The importation, was invoiced as “all cotton, vat dye clan plaid gimgham-waterproofed-shrunk finish.” The cloth had been treated with chemicals which rendered it repellent or resistant to water. The treating process consisted of singeing loose fibers from the fabric, and washing, drying and desizing the cloth. Thereafter a solution of Mystolene3 and Mystolene R.E.T.4 was applied. The excess solution was removed and the cloth was dried, calendered and shrunk.

[23]*23Th.e parties are agreed that tire fabric at bar passed the 24-hour cup test,5 and that this test has been the standard adopted by the Government for at least the past 28 years for determining whether cloth is classifiable as being water proof. Counsel further stipulated that prior to the promulgation of T.D. 53630, supra, merchandise of the quality of the import here in issue has been classified uniformly as waterproof cloth. It was also agreed that the goods are wholly or in chief value of cotton.

Counsel ask us to determine whether the imported goods are “waterproof cloth.” If they are not, it is conceded that the provisions of paragraph 904 will control.

The Government’s contention, as stated in its brief, is that “the use of the cloth is indicative of whether or not it is waterproof.” Of necessity, therefore, the Government urges that its own 24-hour cup test is not decisive of classification and that T.D. 53630 was necessary to overrule an allegedly erroneous practice and reinstate the use test it says the prior court decisions engrafted on paragraph 901.

On the other hand, appellee asserts that the term “waterproof” in paragraph 907 denotes a condition or state of being. That quality is to be determined by the 24-hour cup test, this being the sole test utilized by the Government for the past 28 years. If the cloth is qualitatively waterproof, and that is the intended result, then it is “waterproof cloth” within the meaning of paragraph 907.

The waterproof cloth provision, without any significant change, has been a customs classification under various statutes since 1897. Although the Board of General Appraisers at first gave the impression that this designation included only cloth that was made absolutely impervious to water, appellate court decisions have reflected a less rigid connotation.
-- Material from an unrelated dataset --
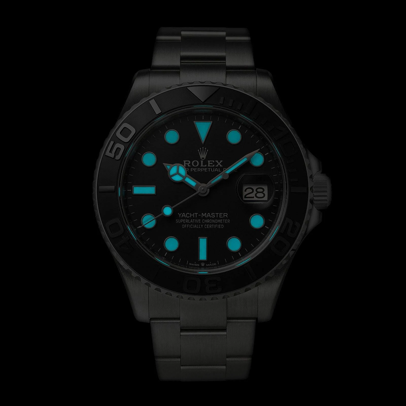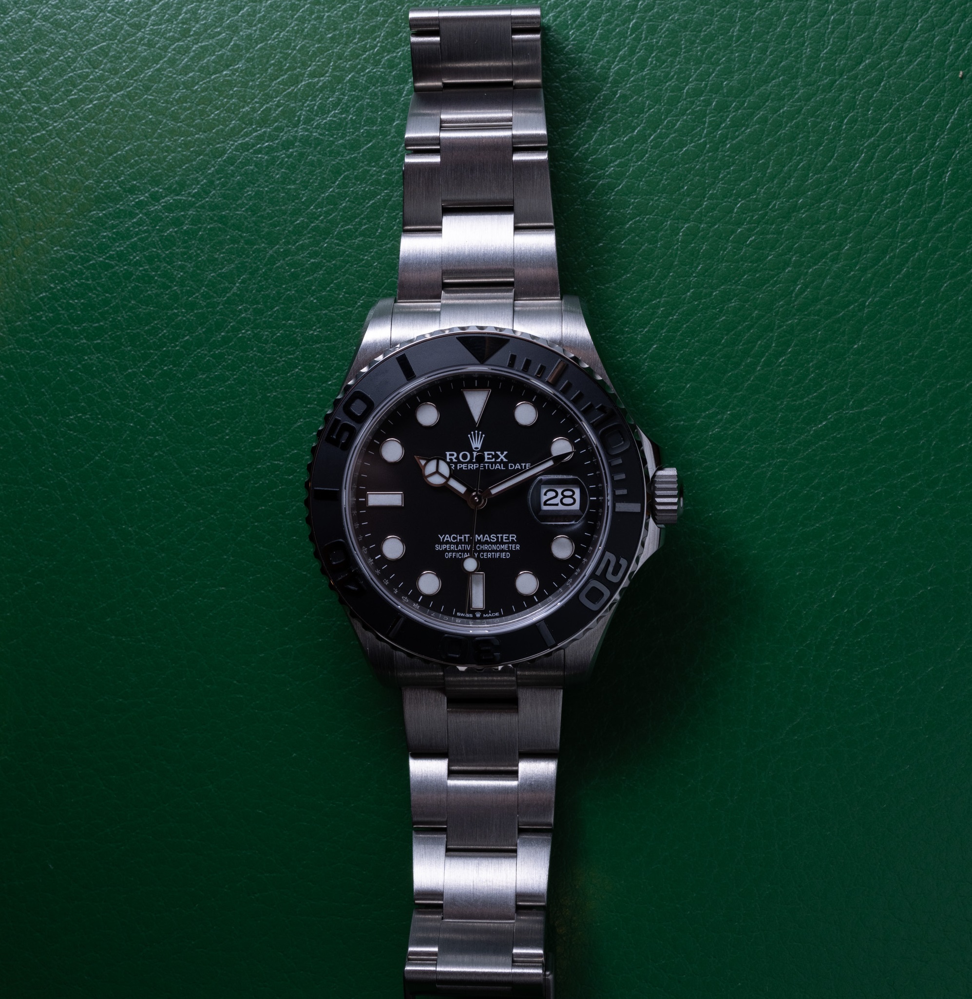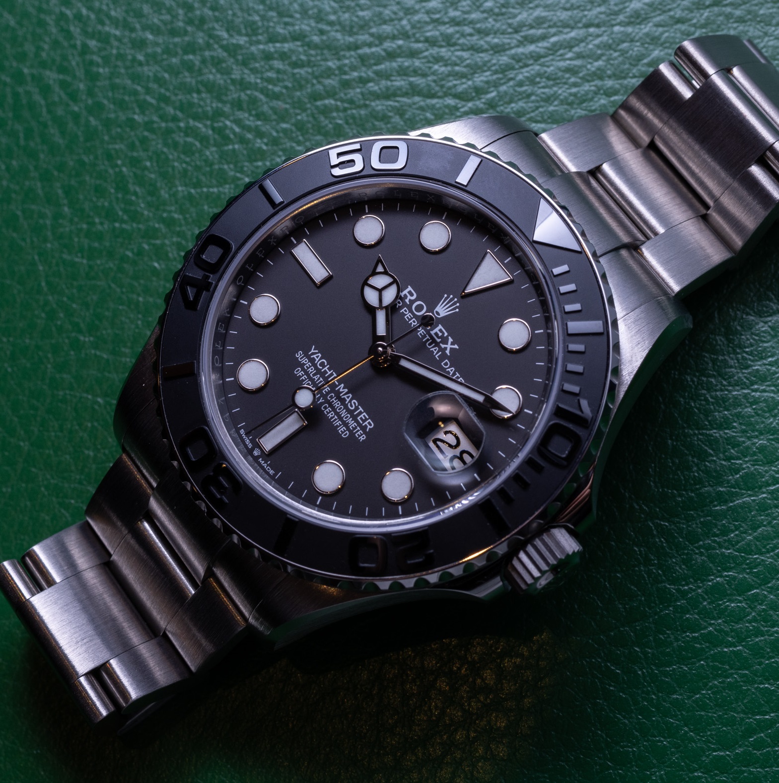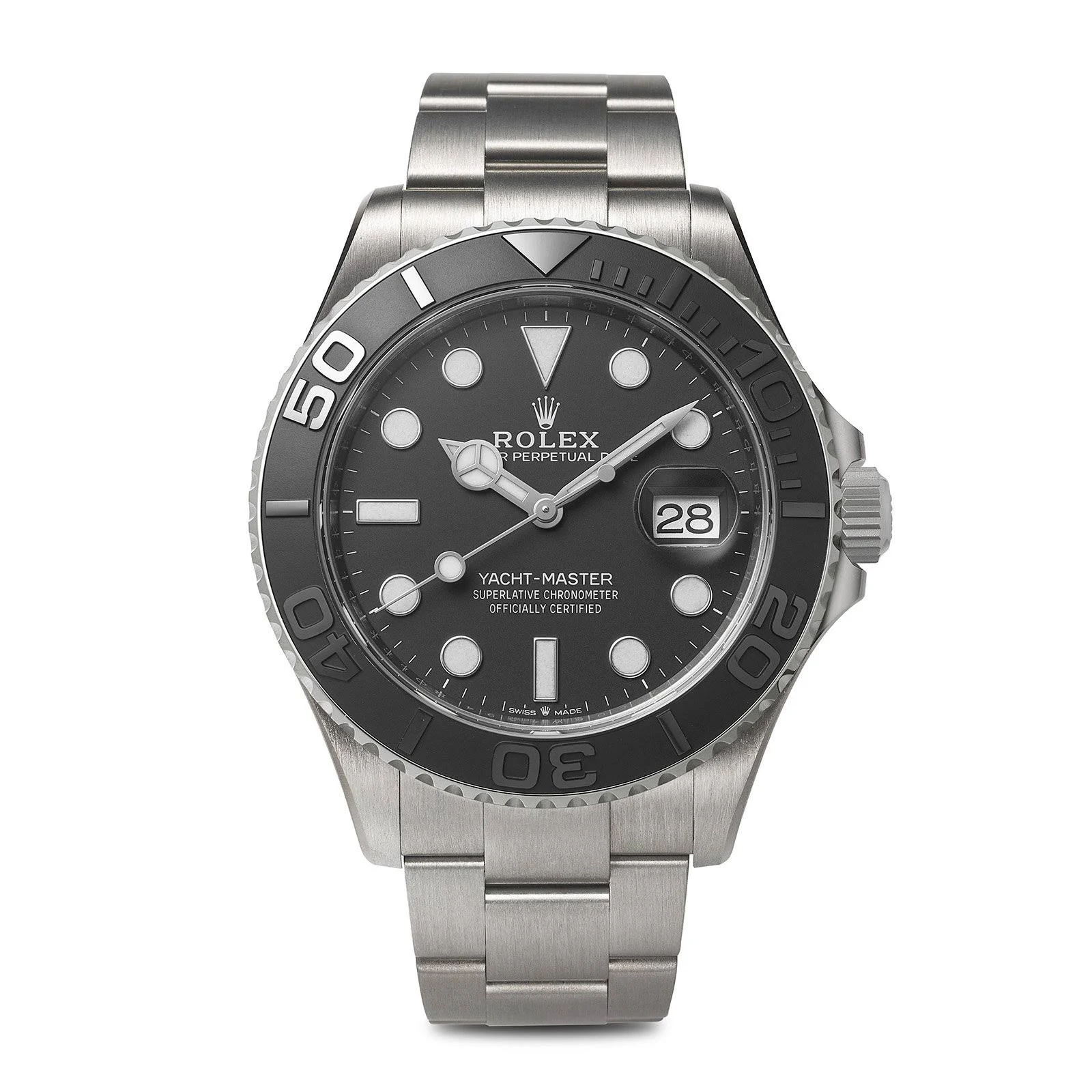The 42mm monobloc middle case of the Yacht-Master 42 is intricately designed with a screw-down case back and winding crown, ensuring its water resistance of up to 100 meters. The bidirectional rotatable 60-minute graduated bezel with a matte black Cerachrom insert in ceramic is another highlight of this timepiece. The polished raised numerals and graduations on the bezel add a touch of sophistication and functionality to the watch, allowing for easy tracking of elapsed time during diving or other outdoor activities.

Apparently the first appellate court decision which endeavored to construe the meaning of the term “waterproof cloth” is United States v. Brown, & Eadie, 136 Fed. 550, T.D. 26124, Circuit Court of Appeals, Second Circuit, which involved the Tariff Act of 1890. The waterproof cloth designation under that Act was not limited to any particular fiber. In that case the importation consisted of woolen cloth which was processed with wax to make it water repellant. The material, used to make rainwear garments, was called “cravenette cloth” [24]*24and was commercially known to be waterproof. The court, in holding the merchandise to be “waterproof cloth,” said:

* * * Cravenette is not absolutely waterproof; in tbis respect it resembles gossamer rubber cloth and other materials universally recognized as waterproof. Few so-called, waterproof cloths are absolutely impervious to water. Practically and relatively cravenette is waterproof. It would offer slight protection to a sailor constantly dashed with spray on the deck of a storm-tossed vessel, but it would be a fair substitute for an umbrella and would keep the wearer dry in an ordinary shower of rain. Many so-called fireproof buildings disappeared in the conflagration which recently swept over Baltimore and it is probably true that cravenette cloth would furnish inadequate protection in an unusually severe downpour of rain. Nevertheless for all ordinary uses it is waterproof and that term is properly used in describing it. [Italics added.]

In the case of United States v. Hudson Forwarding & Shipping Co., 18 CCPA 258, T.D. 44427, this court construed the meaning of waterproof cloth under paragraph 907 of the Tariff Act of 1922. That case involved the importation of cotton fabric coated on both sides with cotton fibers adhered with a mucilaginous substance in such a way as to simulate lizard skin, the goods being intended for use as trimming for ladies’ dresses. It had not been intentionally processed to impart waterproofing properties.